The trickle-down effect of the COVID-19 pandemic has become a daily constant.
For example, major league baseball owners have cut costs since there has been no revenue after coronavirus shut down all sports for the last two months.
It forced major league baseball to reduce its annual 40-round draft to just five rounds set for June 10-11, sending college baseball coaches like LSU’s Paul Mainieri back to the roster management drawing board.
“Drafting 150 players is going to be a lot different than drafting 1,200 players,” Mainieri said Tuesday night on Tiger Rag radio’s weekly show.
Mainieri said before the season he anticipated losing as many as eight players on the 2020 roster in the major league draft and as many as five of his incoming 17-man recruiting class.
Throw in graduating seniors Matthew Beck and Aaron George and also six LSU players off the 2020 roster who have entered the draft portal following candid conversations with Mainieri. Then, add back in a minimum 12 recruits expected to report and the LSU 2021 roster would be at 26, well under the NCAA maximum roster limit of 35.
But the coronavirus has flipped everything.
Because college baseball was cancelled after just a few weeks, the NCAA granted all seniors like Beck and George an extra year of eligibility.
And because it’s just a five-round draft, Mainieri believes that only outfielder Daniel Cabrera and pitcher Cole Henry (“If they are willing to meet his asking price,” Mainieri said) will be drafted as well as many as five of the Tigers’ signees.
So, with LSU’s current roster at 29 after those six transferring players, it means that Mainieri has a minimum of a 34-player roster once the smoke clears after the draft.
“If the NCAA does not give us some relief on the 35-man roster rule, then it’s going to create some very difficult conversations (with players),” Mainieri said.
He’s already had a few of those, especially with junior infielder Hal Hughes and fourth-year pitcher Eric Walker, a pair of former starters.
Hughes started 109 games and was an excellent infielder. But his .199 career batting average including .154 this season and the emergence of freshman shortstop Collier Cranford made Hughes expendable.
“I just explained to Hal his days of being the starting shortstop at LSU had probably come to an end, because Collier Cranford had passed him up,” Mainieri said. “We also had some other guys like Zach Arnold who was hurt all year and a couple of other guys that are in our recruiting class.
“I told Hal if he wanted to transfer, it was probably a good time to do it before there became a glut in that transfer portal.
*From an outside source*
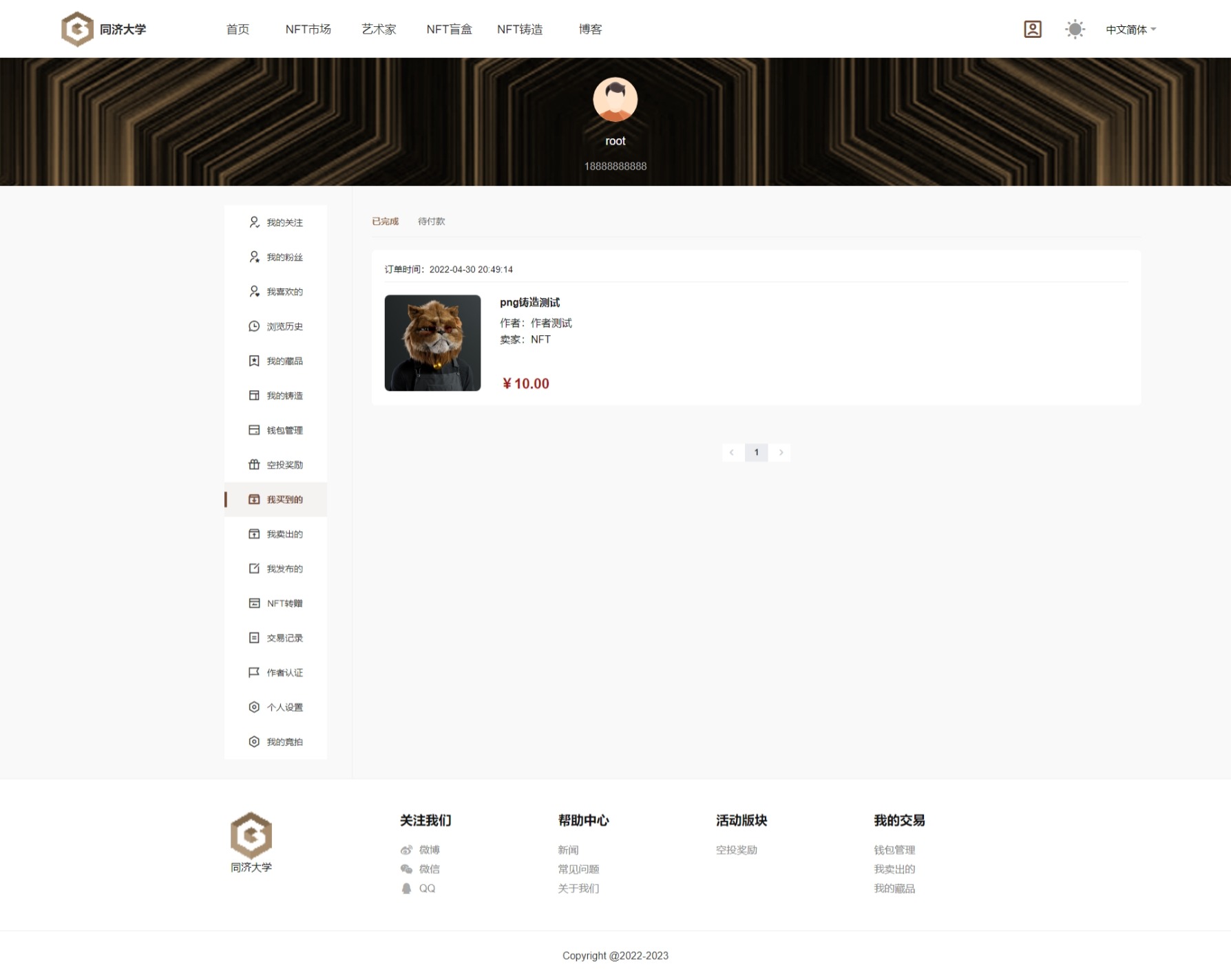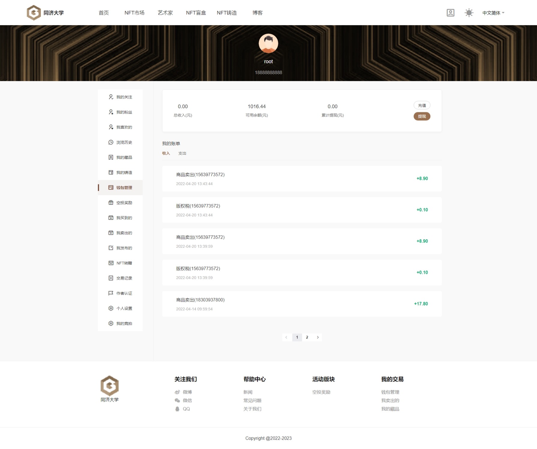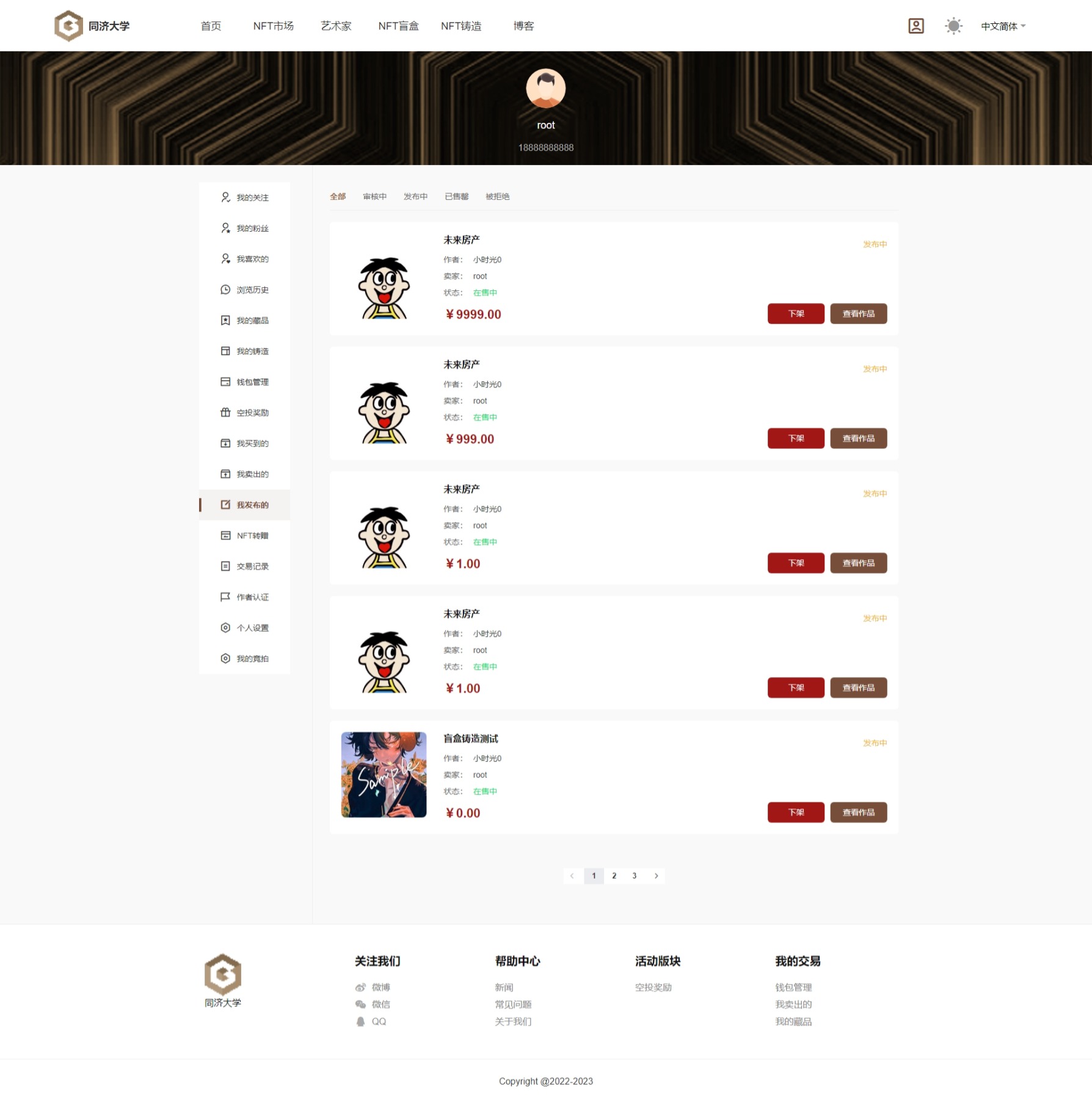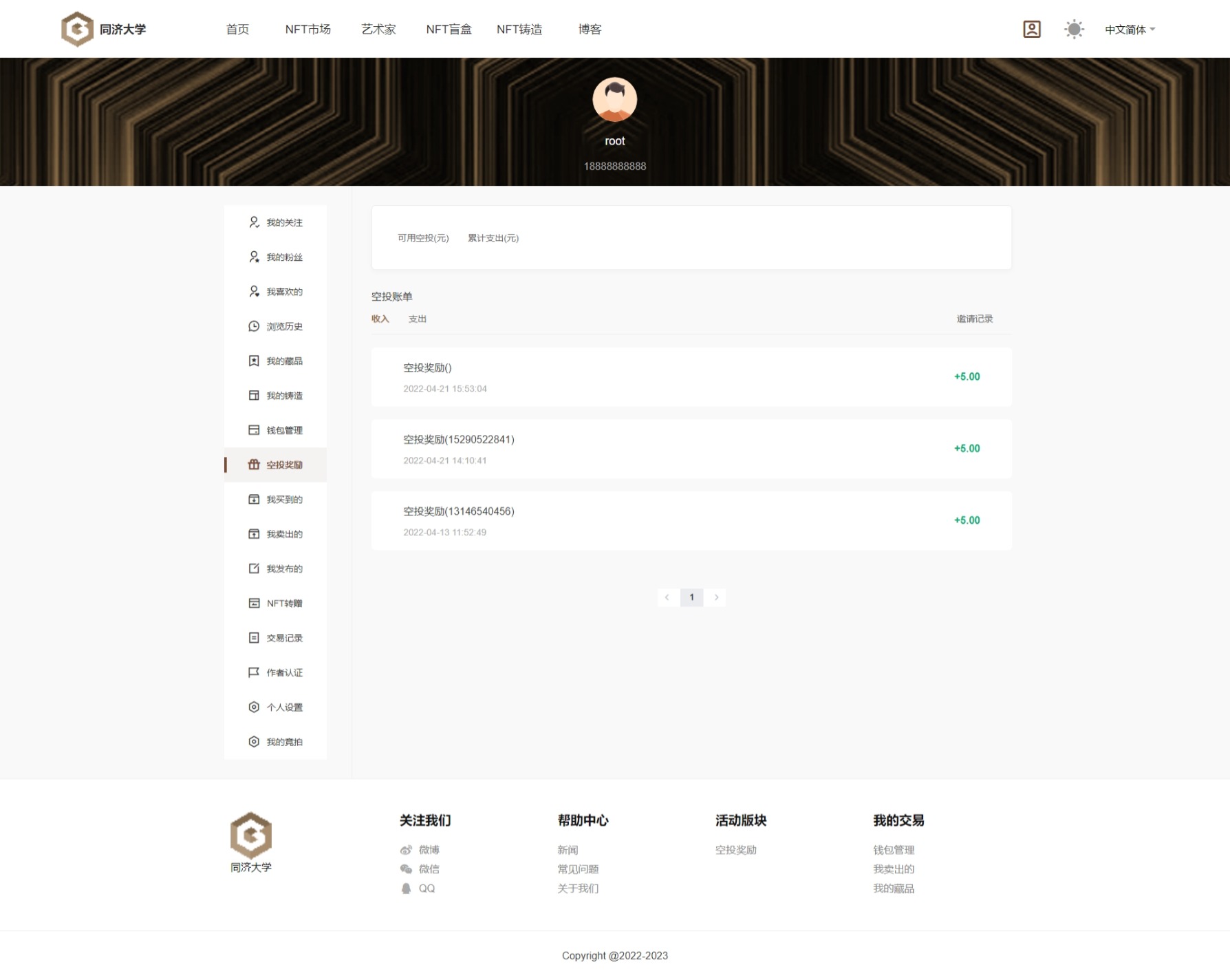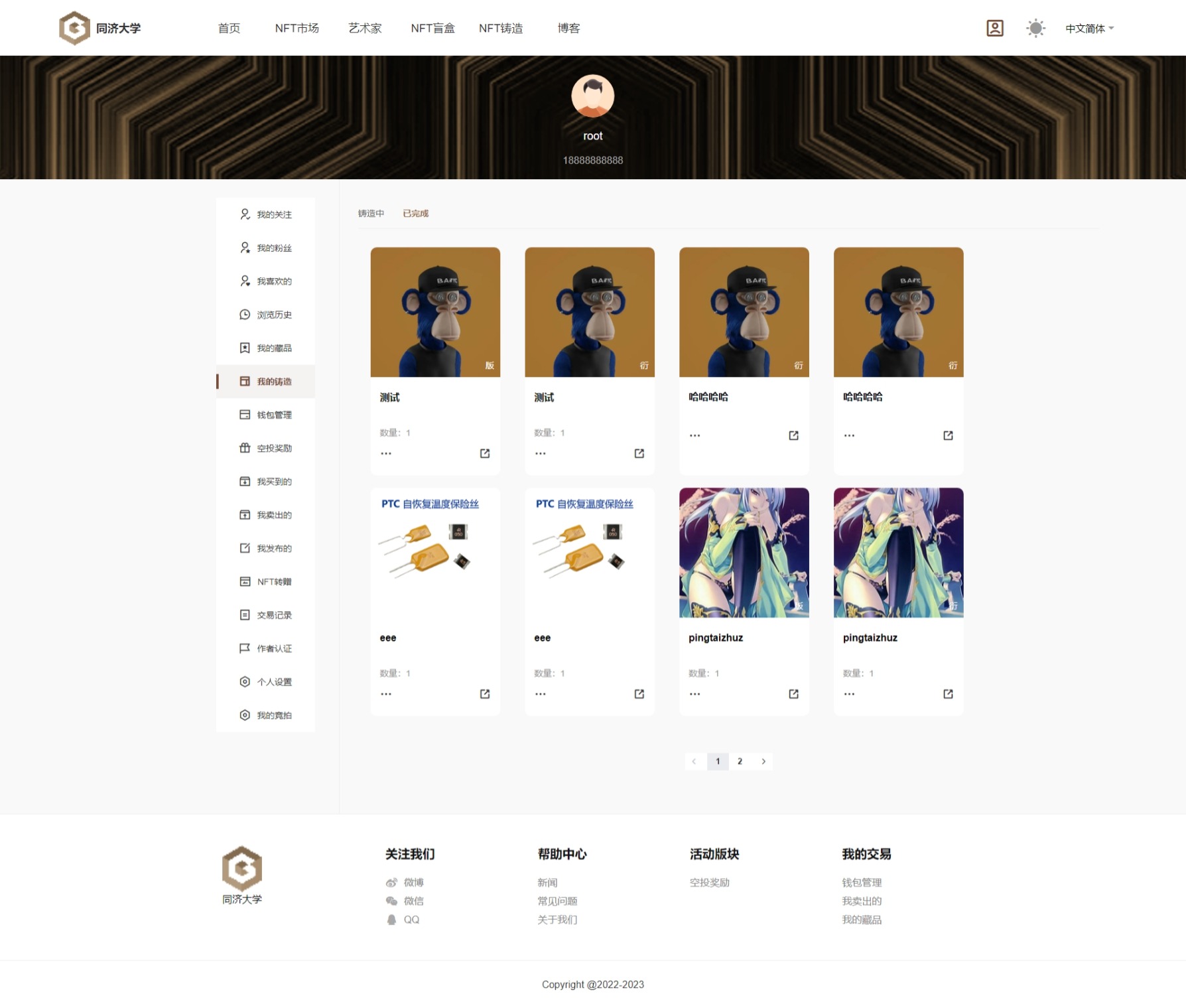 11.个人中心板块:显示购买记录、交易记录、浏览记录、我的藏品、我的铸造、铸造中、已完成、钱包信息、空投记录、邀请记录、拍卖记录、卖出的藏品、买入的藏品等信息;

He went out, tested the waters, found out there was some interest and he ended up making a commitment to Rice.”
Walker gamely fought to re-gain his form as a freshman in 2017 when he was 8-2 with a 3.48 ERA as the Tigers’ No. 3 starter. He injured his throwing arm in the College World Series and underwent Tommy John surgery.
He was never the same, even after missing the 2018 season while rehabbing. Walker was 5-4 with a 5.47 ERA in 15 starts last year and had a 3.18 ERA in 5.2 innings in this shortened 2020 season.
“Eric was so great as a freshman, a freshman all-American,” Mainieri said. “By the time we went to the College World Series, he might have been pitching the best baseball of anybody on our starting rotation and that includes Alex Lange and Jared Poche.
“Then, he hurt his elbow and he never completely got back to what he was as a freshman. When a guy is not a real hard thrower like Eric, there’s such so little margin for error. So, if his command is a little bit off or he doesn’t have the movement on his fastball or command of his change-up and he drops three or four miles an hour, it’s a pretty big difference.”
Mainieri said Walker is graduating this month, so he can go to another school as a grad transfer and have immediate eligibility.
“We talked to Eric about where he fit in with the team,” Mainieri said. “He thought it would be in his best interest to try maybe go somewhere else where he’d get more of an opportunity to play. I just love the kid and everything he’s done for our program. It’s the best thing for him.”
Mainieri is hoping some of the summer collegiate leagues where underclassmen play after their college seasons end will open for play.
“We found landing spots for everybody (LSU players) as long as the leagues don’t continue close,” Mainieri said. “We’ll see what happens now that so many of the states are opening up. We’re just hoping our kids can get out and play some and get ready for fall practice after having such a long layoff.”